Initial exploration of genetic and DNA methylation variance using PCA demonstrated that individuals from each self-reported ethnic group were genetically and epigenetically distinct. Genetic variation estimated from genetic PCA is greater in South Asian compared to European individuals in SABRE and BiB. This is expected since South Asian individuals in these two cohorts have a recent migration history from a large geographical area into the UK. Methylation PCA analysis also separated self-reported ethnicities but this was less distinct than for genetic data.
Ethnicity associations in SABRE were temporally stable (effect estimates R2 = 0.9 over 20 years) although we acknowledge there may be a healthy survivor effect since around 25% of the cohort died between baseline and follow-up clinics. In previous studies, CpG sites stable over time have been postulated to be driven by genetic effects [60]. However, our data suggest that genetic variation is not a strong determinant of ethnicity-associated differences in DNA methylation. We therefore suggest that the DNA methylation differences observed are likely to be predominantly environmentally determined and persist across the life course. For example, this hypothesis is consistent with reported observations of early life exposures leaving a lasting impact on the methylome [61].

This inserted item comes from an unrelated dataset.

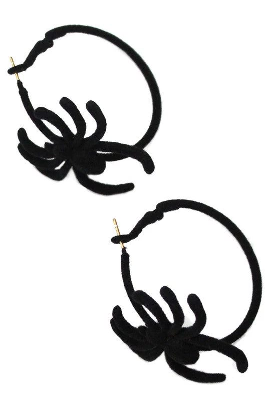 Suede-y soft black flocked metal spider-adorned hoops for your Halloween-all-the-time life! Each earring measures approx.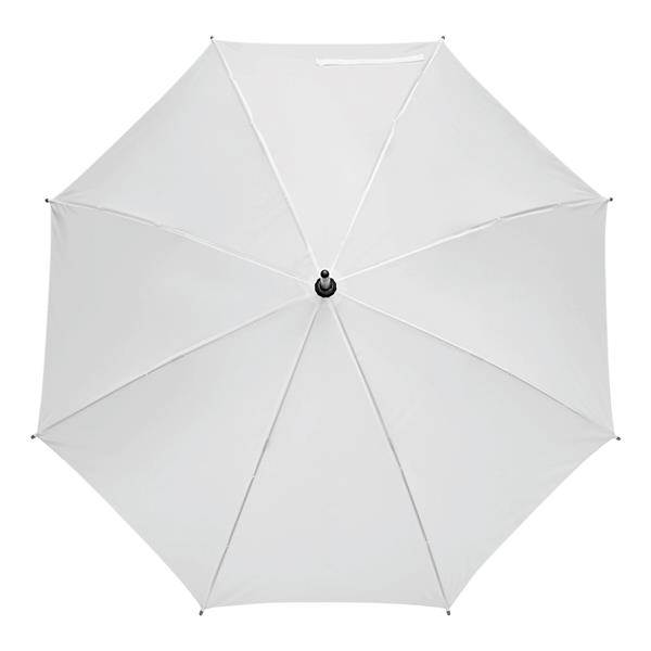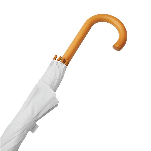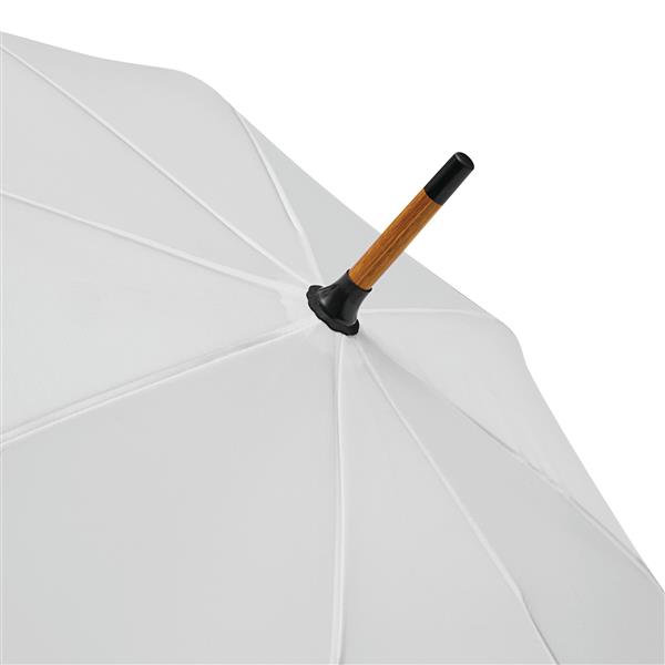Automatyczny parasol JAZZ z poszyciem z poliestru wykonanego z tworzyw sztucznych pochodzących z recyklingu. Ma drewnianą laskę, szyny z włókna szklanego oraz drewniane kolce. Posiada zaokrąglony, drewniany uchwyt. Zapinany jest na rzep.

A number of studies have identified differences in epigenetic age acceleration between ancestries [62–64], although none has previously studied South Asian individuals. Self-reported South Asian individuals had higher age acceleration amongst all epigenetic clock measures than those in the European ethnic group in SABRE. For Levine PhenoAge and Horvath SkinBlood estimators, these differences were robust to adjustment for BMI and self-reported smoking. We did not replicate results in BiB but postulate this may be due to the younger age of BiB participants. It has been suggested that epigenetic clocks may contain ancestry-specific CpGs in their models so further exploration of clock models is required before concrete inferences can be made with respect to the biological or clinical significance of our observations [65].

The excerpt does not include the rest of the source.